◆ Task objective ◆
Make an exact copy of the entries below with the pictures removed.

╭──

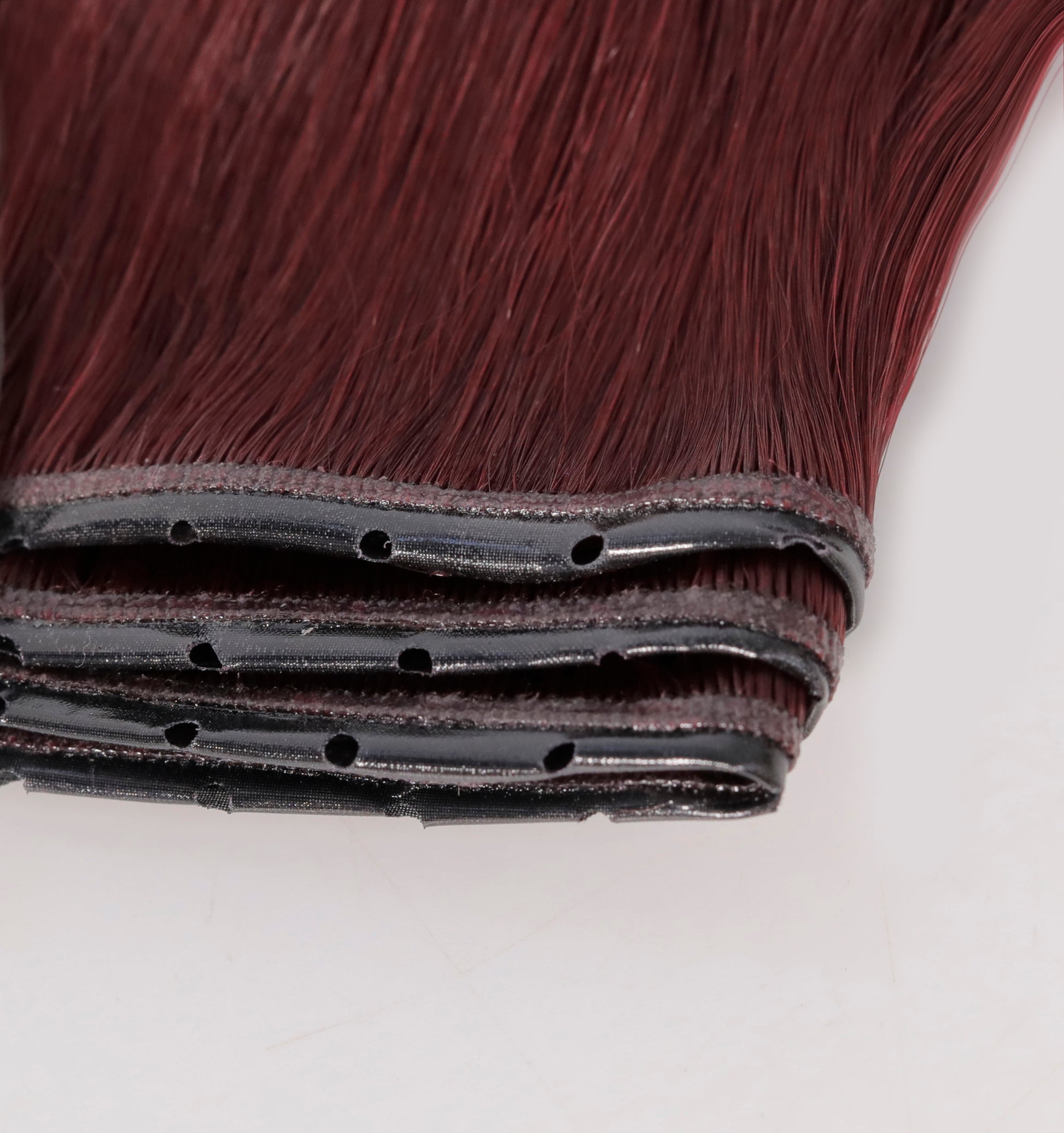 These semi-permanent extensions feature a flat, flexible PU base with strategically placed “butterfly holes.” Each set of two holes is used per microbead, allowing your stylist to anchor the weft securely while distributing weight evenly, reducing tension and increasing comfort — especially for fine or fragile hair.
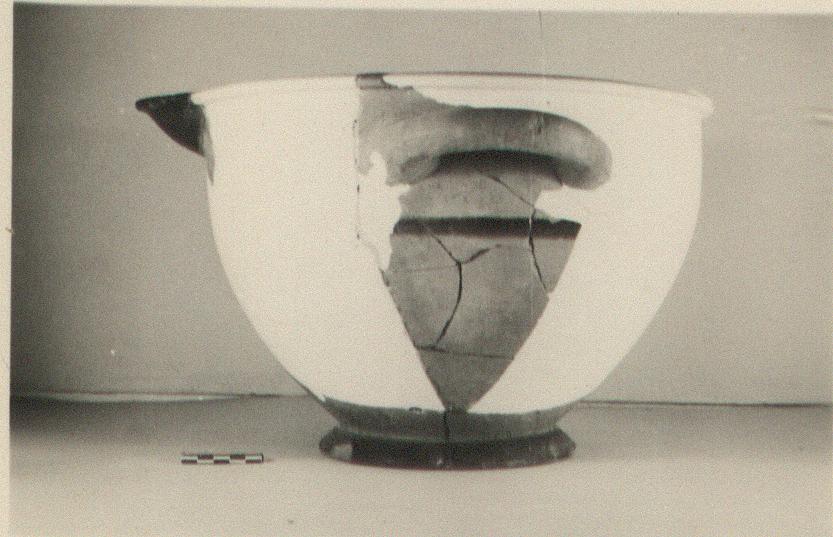 | Description: | Foot and part of lower wall, with a small part of the upper wall, a bit of the rim, and one handle preserved; restored in plaster. Profile apparently complete. The spout fragment does not join. Low heavy flaring foot; deep body; rim nearly flat on top, turned slightly down; heavy horizontal handles well below rim. Spoon-shaped spout. Pinkish-buff clay; fair glaze; red for whole of inside and rim; blacker on spout, band below handle and inside of foot. | |
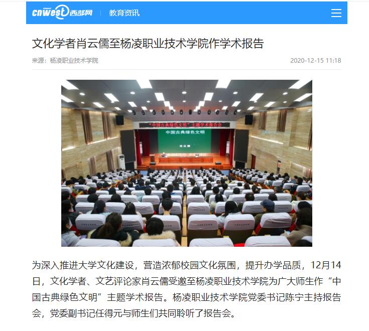 350vip浦京集团官网党委书记陈宁在总结讲话中指出,杨凌职院作为涉农高职院校,不仅肩负着干旱半干旱地区农业高新技术的示范推广任务,也肩负着生态文明建设和生态环境保护的重要使命,相关二级分院要充分发挥自身专业优势和办学特色,为祖国甚至人类的绿色文明做出应有贡献。她要求,各部门、分院要结合此次报告会内容,认真组织全体师生继续学习、深入思考。
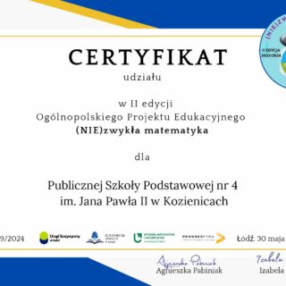 28 maja 2024 w Publicznej Szkoły Podstawowej nr 4 w Kozienicach odbyła się trzecia edycja Wewnątrzszkolnego Konkursu z Matematyki „ Jaś i Małgosia” w dwóch kategoriach: dla uczniów klas IV i dla uczniów klas...
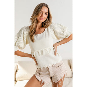 This short-sleeve tassel detail textured square neck sweater is a stylish and versatile piece for your wardrobe. The tassel detailing adds a playful and bohemian touch to the textured fabric. The square neck design offers a modern and flattering neckline. Pair it with high-waisted trousers for a chic office look, or with denim shorts for a casual weekend outfit. The short sleeves make it perfect for transitioning between seasons. Elevate your knitwear collection with this fashionable and comfortable tassel detail textured sweater that will effortlessly elevate your everyday style.
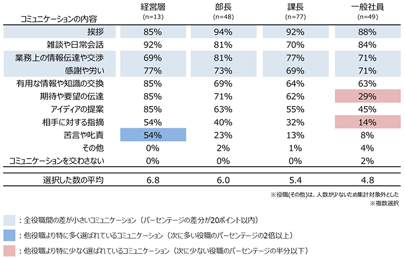 各コミュニケーションが選択された割合を役職間で比較すると、役職間の差が小さい(最多と最少の差分が20ポイント以内)のは「挨拶」「業務上の情報伝達や交渉」「雑談や日常会話」「相手に対する指摘」だった。つまり、異なる部署でのこれらのコミュニケーションは、役職間での違いが表れにくいことがわかった。
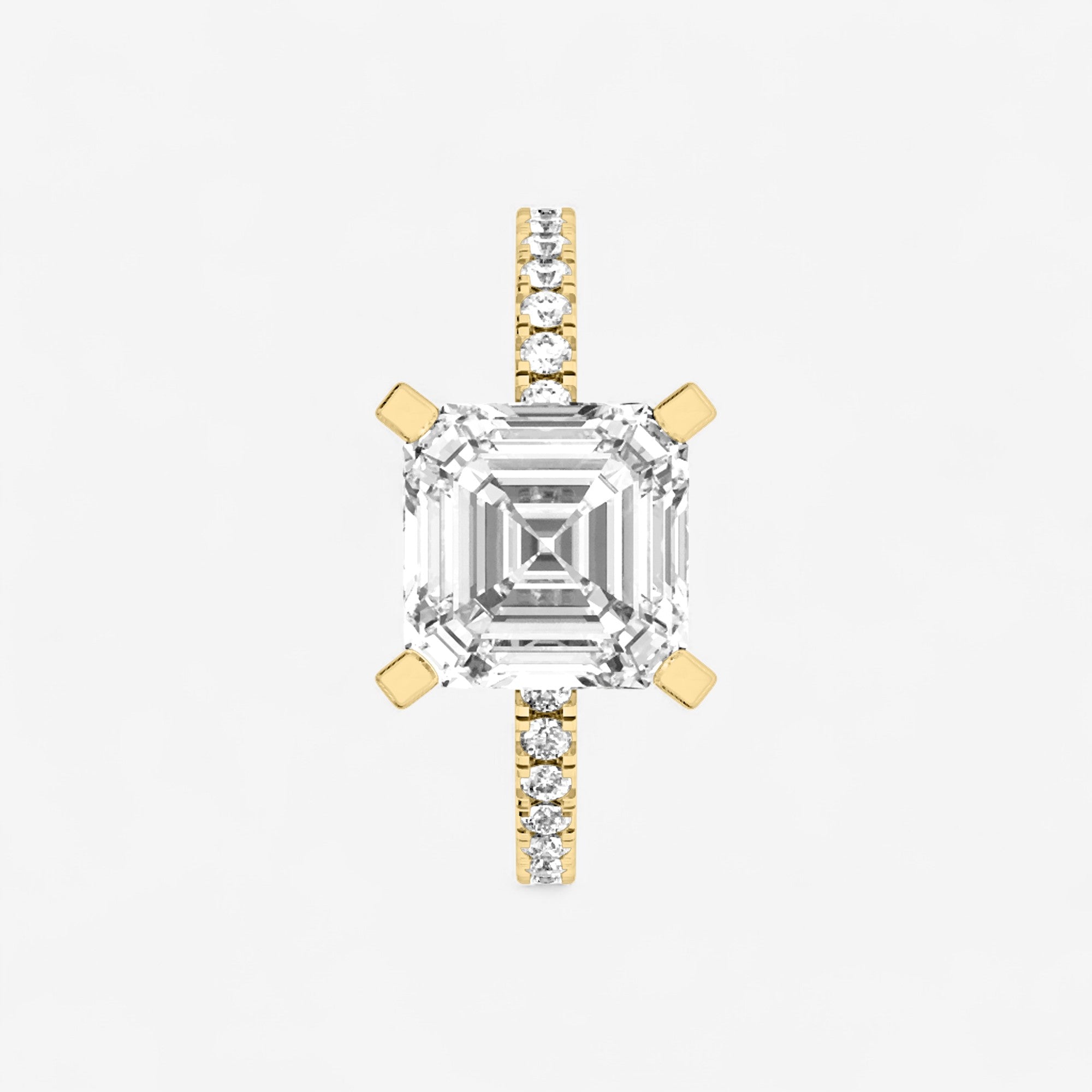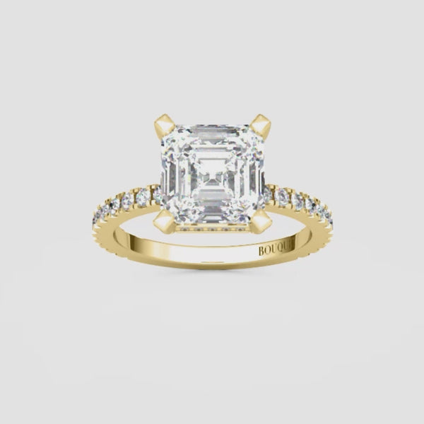 Discover the Hidden Halo Asscher Cut Engagement Ring, where refined elegance blends with radiant sparkle. Meticulously crafted, this stunning ring features a brilliant Asscher cut center stone encircled by a subtle halo of shimmering Lab Grown diamonds, enhancing its enchanting appeal. Its sleek and timeless design makes it a perfect symbol of enduring love. Celebrate your unique love story with this sophisticated and graceful ring, destined to become a treasured keepsake for a lifetime.
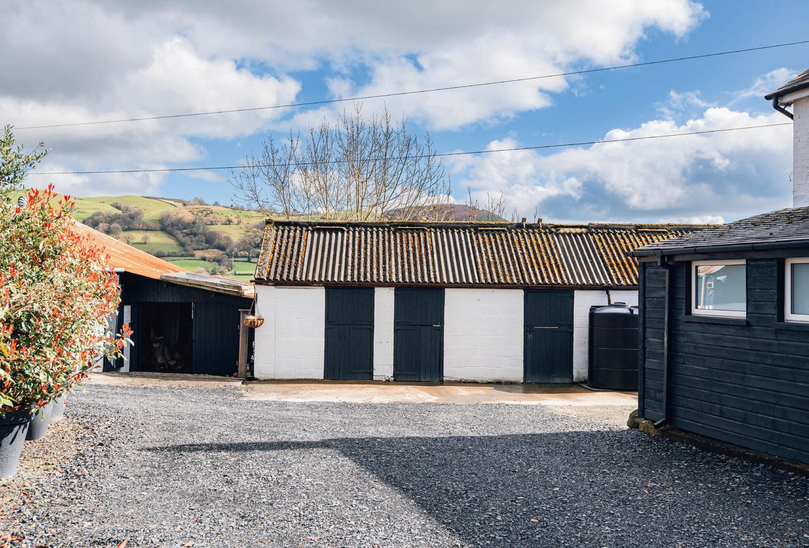 At the front of the property is a gated entrance leading to ample parking and turning space. This area also grants access to a variety of outbuildings, including a woodstore and workshop, former stabling, with additional structures providing extra storage or potential conversion opportunities, subject to necessary approvals.
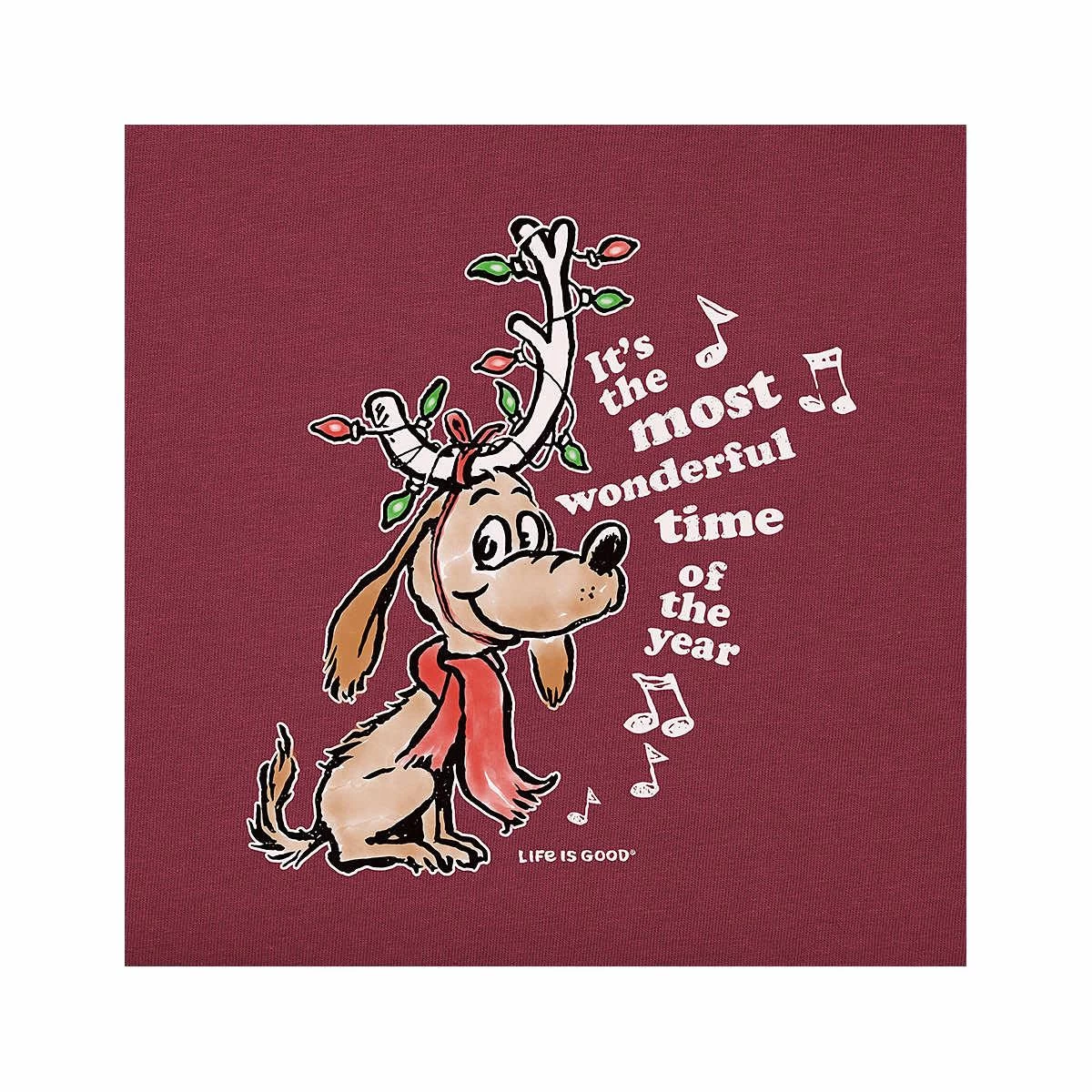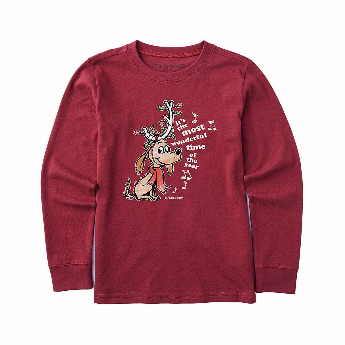 Everyone will know you’re of good cheer when you wear the Kids’ Max Most Wonderful Time Long Sleeve Crusher T-Shirt from Life is Good! This great tee is made with 100% cotton and garment-washed for softness, plus the neckline is reinforced with a spandex rib to maintain the perfect fit. The delightfully Seuss-ical graphic features the Grinch’s furry companion Max the Dog, adorned with Christmas lights. Tell some tales of the glories of Christmases long, long ago in this charming t-shirt!
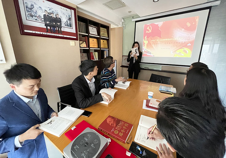 为庆祝建党100周年,加强党史教育,传承红色精神,凝聚时代力量,2021年10月27日下午,广东一言律师事务所党支部举办了“书香浸润初心”读书分享会暨十月主题党日活动。部分党员律师和青年律师参加了本次读书分享活动。
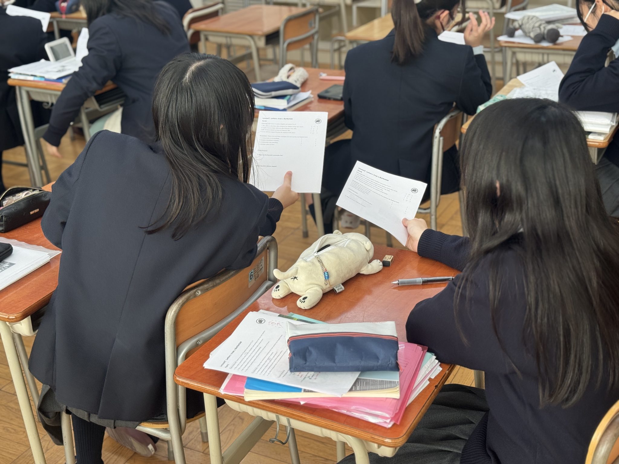 授業内のやり取りでも、教師が指示や質問をできる限り英語で投げかけることで、英語の定型文を自然に聞き慣れ、反応できるようになることを目指しています。
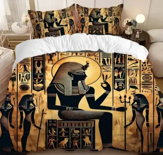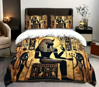 Funda nórdica con un diseño inspirado en el Antiguo Egipto. Presenta imágenes detalladas de faraones y jeroglíficos. - Diseño de Antiguo Egipto. - Incluye funda para edredón y fundas para almohadas. Cama extracrande, 150 o 180 cm Medidas 230x240 Nueva Incluye dos fundas de cojines o almohadas.
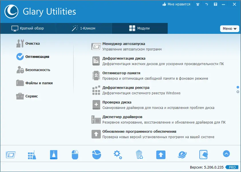 Glary Utilities объединяет в себе функции десятков системных инструментов, избавляя от необходимости устанавливать множество отдельных программ.
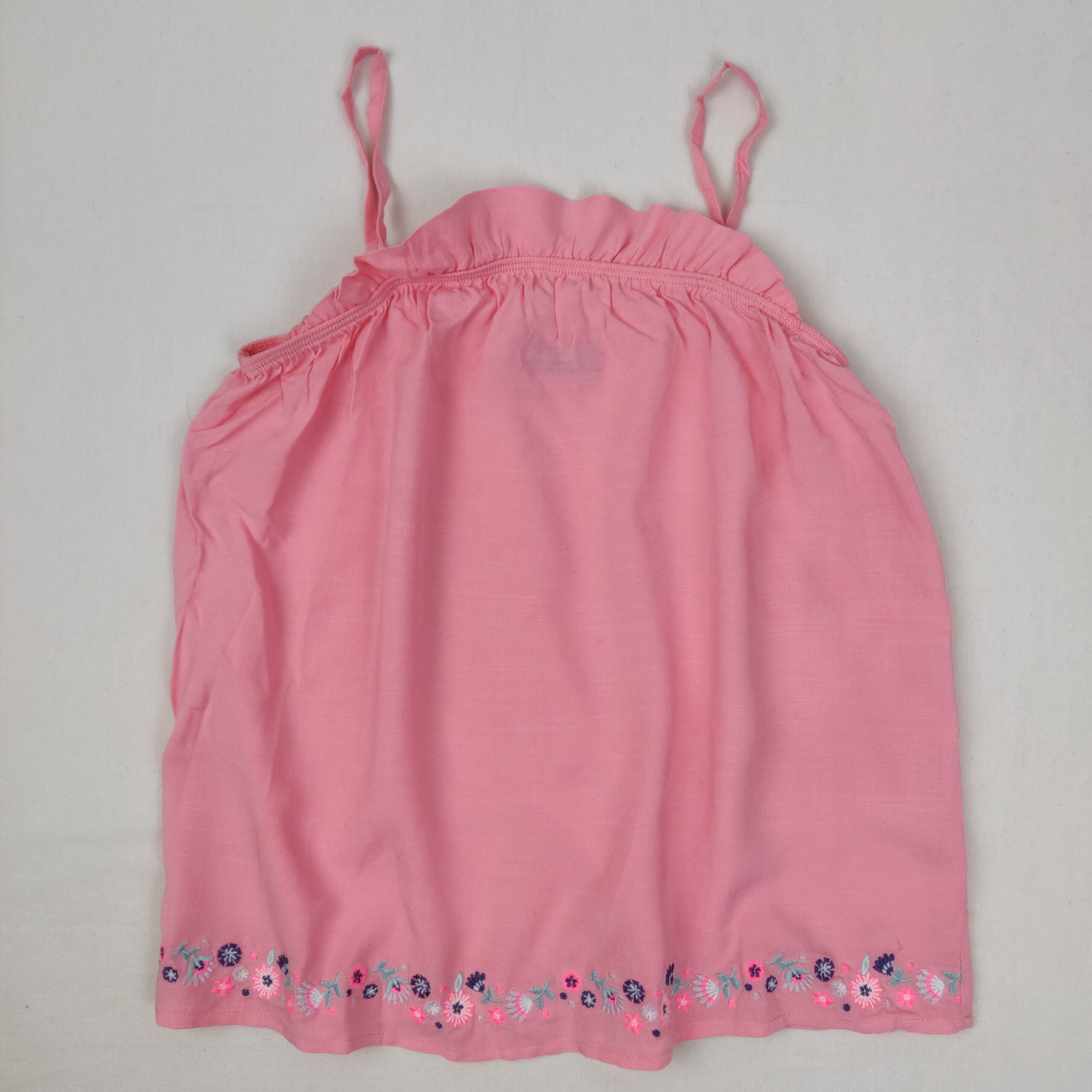 Autres commentaires : Haut à bretelles à longueur ajustable, uni corail avec élastique au niveau du haut du torse. Petits volants au torse, et broderies à la taille.
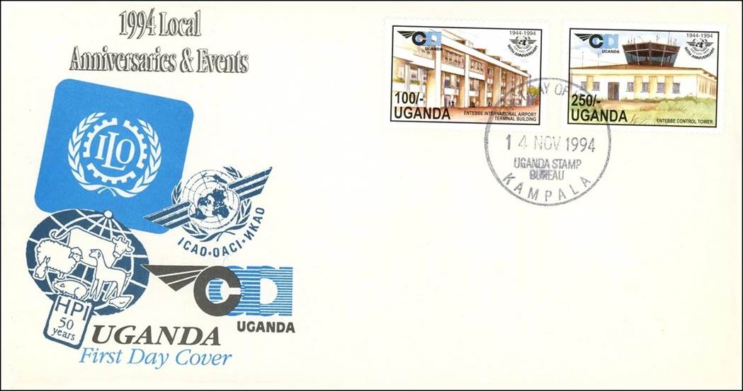The above cover celebrates Anniversaries and Events held/commemorated in Uganda in 1994 (see cachet from left to right, top to down):

╰──

◆ Exercise output ◆
 These semi-permanent extensions feature a flat, flexible PU base with strategically placed “butterfly holes.” Each set of two holes is used per microbead, allowing your stylist to anchor the weft securely while distributing weight evenly, reducing tension and increasing comfort — especially for fine or fragile hair.
 | Description: | Foot and part of lower wall, with a small part of the upper wall, a bit of the rim, and one handle preserved; restored in plaster. Profile apparently complete. The spout fragment does not join. Low heavy flaring foot; deep body; rim nearly flat on top, turned slightly down; heavy horizontal handles well below rim. Spoon-shaped spout. Pinkish-buff clay; fair glaze; red for whole of inside and rim; blacker on spout, band below handle and inside of foot. | |
 350vip浦京集团官网党委书记陈宁在总结讲话中指出,杨凌职院作为涉农高职院校,不仅肩负着干旱半干旱地区农业高新技术的示范推广任务,也肩负着生态文明建设和生态环境保护的重要使命,相关二级分院要充分发挥自身专业优势和办学特色,为祖国甚至人类的绿色文明做出应有贡献。她要求,各部门、分院要结合此次报告会内容,认真组织全体师生继续学习、深入思考。
 28 maja 2024 w Publicznej Szkoły Podstawowej nr 4 w Kozienicach odbyła się trzecia edycja Wewnątrzszkolnego Konkursu z Matematyki „ Jaś i Małgosia” w dwóch kategoriach: dla uczniów klas IV i dla uczniów klas...
 This short-sleeve tassel detail textured square neck sweater is a stylish and versatile piece for your wardrobe. The tassel detailing adds a playful and bohemian touch to the textured fabric. The square neck design offers a modern and flattering neckline. Pair it with high-waisted trousers for a chic office look, or with denim shorts for a casual weekend outfit. The short sleeves make it perfect for transitioning between seasons. Elevate your knitwear collection with this fashionable and comfortable tassel detail textured sweater that will effortlessly elevate your everyday style.
 各コミュニケーションが選択された割合を役職間で比較すると、役職間の差が小さい(最多と最少の差分が20ポイント以内)のは「挨拶」「業務上の情報伝達や交渉」「雑談や日常会話」「相手に対する指摘」だった。つまり、異なる部署でのこれらのコミュニケーションは、役職間での違いが表れにくいことがわかった。
 Discover the Hidden Halo Asscher Cut Engagement Ring, where refined elegance blends with radiant sparkle. Meticulously crafted, this stunning ring features a brilliant Asscher cut center stone encircled by a subtle halo of shimmering Lab Grown diamonds, enhancing its enchanting appeal. Its sleek and timeless design makes it a perfect symbol of enduring love. Celebrate your unique love story with this sophisticated and graceful ring, destined to become a treasured keepsake for a lifetime.
 At the front of the property is a gated entrance leading to ample parking and turning space. This area also grants access to a variety of outbuildings, including a woodstore and workshop, former stabling, with additional structures providing extra storage or potential conversion opportunities, subject to necessary approvals.
 Everyone will know you’re of good cheer when you wear the Kids’ Max Most Wonderful Time Long Sleeve Crusher T-Shirt from Life is Good! This great tee is made with 100% cotton and garment-washed for softness, plus the neckline is reinforced with a spandex rib to maintain the perfect fit. The delightfully Seuss-ical graphic features the Grinch’s furry companion Max the Dog, adorned with Christmas lights. Tell some tales of the glories of Christmases long, long ago in this charming t-shirt!
 为庆祝建党100周年,加强党史教育,传承红色精神,凝聚时代力量,2021年10月27日下午,广东一言律师事务所党支部举办了“书香浸润初心”读书分享会暨十月主题党日活动。部分党员律师和青年律师参加了本次读书分享活动。
 授業内のやり取りでも、教師が指示や質問をできる限り英語で投げかけることで、英語の定型文を自然に聞き慣れ、反応できるようになることを目指しています。
 Funda nórdica con un diseño inspirado en el Antiguo Egipto. Presenta imágenes detalladas de faraones y jeroglíficos. - Diseño de Antiguo Egipto. - Incluye funda para edredón y fundas para almohadas. Cama extracrande, 150 o 180 cm Medidas 230x240 Nueva Incluye dos fundas de cojines o almohadas.
 Glary Utilities объединяет в себе функции десятков системных инструментов, избавляя от необходимости устанавливать множество отдельных программ.
 Autres commentaires : Haut à bretelles à longueur ajustable, uni corail avec élastique au niveau du haut du torse. Petits volants au torse, et broderies à la taille.
The above cover celebrates Anniversaries and Events held/commemorated in Uganda in 1994 (see cachet from left to right, top to down):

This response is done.